He seized his hat and went to the office door. He paused with his hand upon the lock, and gave one final look round, then he turned the spring with a great show of determination and passed out.

It was a different man who left the little office on that evening to the man who had for so many years governed the destinies of the smaller ranching world of the Foss River district. He had truly said that he was getting old—but he did not quite realize how old. His enemies had done their work only too well. The terrible consequences of the night of terror were to have far-reaching results.

The money-lender set out for the ranch bristling with eagerness to put into execution his hastily conceived plan.

He found the old rancher in his sanctum. He was alone brooding over the calamity which had befallen the police-officer, and stimulating his thought with silent "nippings" at the whisky bottle. He was in a semi-maudlin condition when the money-lender entered, and greeted his visitor with almost childish effusion.

Lablache saw and understood, and a sense of satisfaction came to him. He hoped his task would be easier than he had anticipated. His evil nature rose to the occasion, and, for the moment, his own troubles and fears were forgotten. There was a cat-like licking of the lips as he contemplated the pitiful picture before him.

"Well?" said old John, looking into the other's face with a pair of bloodshot eyes, as he re-seated himself after rising to greet his visitor. "Well, poor Horrocks has gone—gone, a victim to his sense of duty. I guess, Lablache, there are few men would have shown his grit."

"Grit! Yes, that's so." The money-lender had been about to say "folly," but he checked himself. He did not want to offend "Poker" John—now.

"Yes. The poor fellow was too good for his work," he went on, in tones of commiseration. "'Tis indeed a catastrophe, John. And we are the losers by it. I regret now that I did not altogether agree with him when he first came amongst us."

John wagged his head. He looked to be near weeping. His companion's sympathetic tone was almost too much for his whisky-laden heart. But Lablache had not come here to discuss Horrocks, or, for that matter, to sympathize with the gray-headed wreck of manhood before him. He wished to find out first of all if anybody was about whom his plans concerned, and then to force his proposition upon his old companion. He carefully led the rancher to talk of other things.

"The man has gone into Stormy Cloud to report?"


"And who are they likely to send down in place—ah—of the unfortunate Horrocks, think you?"

"Can't say. I guess they'll send a good man. I've asked for more men."

The old man roused somewhat from his maudlin state.

"Ah, that's a good move, John," said the money-lender. "What does Jacky think about—these things?"

The question was put carelessly.
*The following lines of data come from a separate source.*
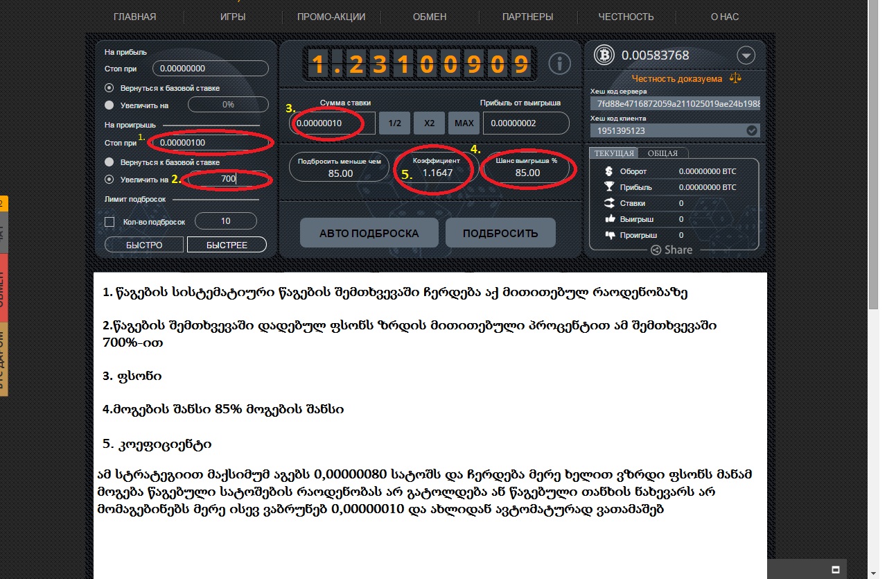 აგერ პატარა სქრინი ჩემი კონფიგურაციით. ყოველთვის არ ამართლებს მაგრამ ამართლებს თუ დღეში ერთხელ შევდივარ წაგებისას სტავკას ხან 2-3 000 სატოშამდე ვწევ ინსტიქტურად ვაკეთებ უკვე ფსონს ვურევ რომ პროგრამამ არ გამოითვალოს კომბინაციები. 10-15 საკმარისია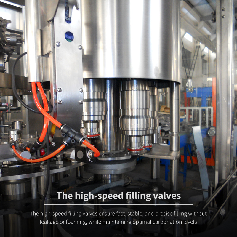 3、The high-speed filling valves ensure fast, stable, and precise filling without leakage or foaming, while maintaining optimal carbonation levels.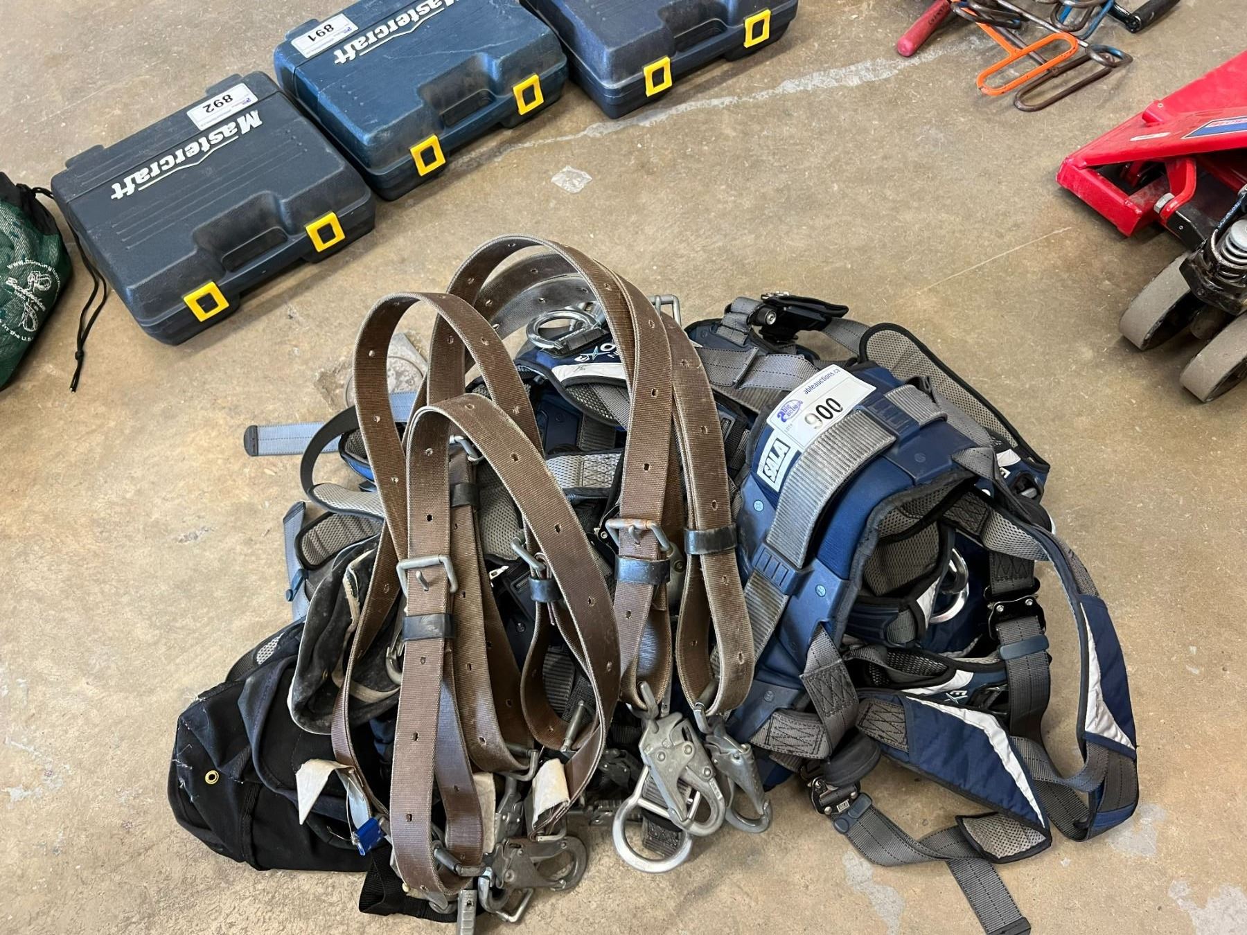 EXOFIT NEX DBI SALA CLIMBING SAFETY HARNESS. WITH TOOL POUCH & SAFETY STRAP X 5

John yawned, and poured out a "tot" of whisky for his friend.

"Guess I haven't seen the child since breakfast. She seemed to take it badly enough then."

"Thanks. Aren't you going to have one?" as John pushed the glass over to the other.

"Why, yes, man. Never shirk my liquor."

He dashed a quantity of raw spirit into his glass and drank it off. Lablache looked on with intense satisfaction. John rose unsteadily, and, supporting himself against the furniture as he went, moved over to the French window and closed it. Then he lurched heavily back into his chair again. His eyes half closed. But he roused at the sound of Lablache's guttural tones.

"John, old friend." Muddled as he was the rancher started at the term. "I've come to have a long chat with you. This morning I could not talk. I was too broken up—too, too ill. Now listen and you shall hear of all that happened last night, and then you will the better be able to judge of the wisdom of my decision."

John listened while Lablache told his tale. The money-lender embellished the facts slightly so as the further to emphasize them. Then, at the conclusion of the story of his night's doings, he went on to matters which concerned his future.

"Yes, John, there is nothing left for me but to get out of the country. Mind this is no sudden determination, but a conclusion I have long arrived at. These disastrous occurrences have merely hastened my plans. I am not so young as I was, you know," with an attempt at lightness, "I simply dare not stay. I fear that Retief will soon attempt my life."

He sighed and looked for sympathy. Old John seemed too amazed to respond. He had never realized that the raider's efforts were solely directed against Lablache. The money-lender went on.

"And that is why I have come to you, my oldest friend. I feel you should be the first to know, for with no one else in Foss River have I lived in such perfect harmony. And, besides, you are the most interested."

The latter was in the tone of an afterthought. Strangely enough the careless way in which it was spoken carried the words well home to the rancher's muddled brain.

"Interested?" he echoed blankly.

"Why, yes. Certainly, you are the most interested. I mean from a monetary point of view. You see, the winding up of my business will entail the settling up of—er—my books."

"Yes," said the rancher, with doubtful understanding.

"Then—er—you take my meaning as to how—er—how you are interested."

"You mean my arrears of interest," said the gray headed old man dazedly.

"Just so. You will have to meet your liabilities to me."

"But—but—man." The rancher spluttered for words to express himself. This was the money-lender's opportunity, and he seized it.

"You see, John, in retiring from business I am not altogether a free agent. My affairs are so mixed up with the affairs of the Calford Trust and Loan Co. The period of one of your mortgages, for instance—the heaviest by the way—has long expired. It has not been renewed. The interest is in arrears. This mortgage was arranged by me jointly with the Calford Trust and Loan Co. When I retire it will have to be settled up. Being my friend I have not troubled you, but doubtless the company will have no sentiment about it. As to the others—they are debts of honor. I am afraid these things will have to be settled, John. You will of course be able to meet them."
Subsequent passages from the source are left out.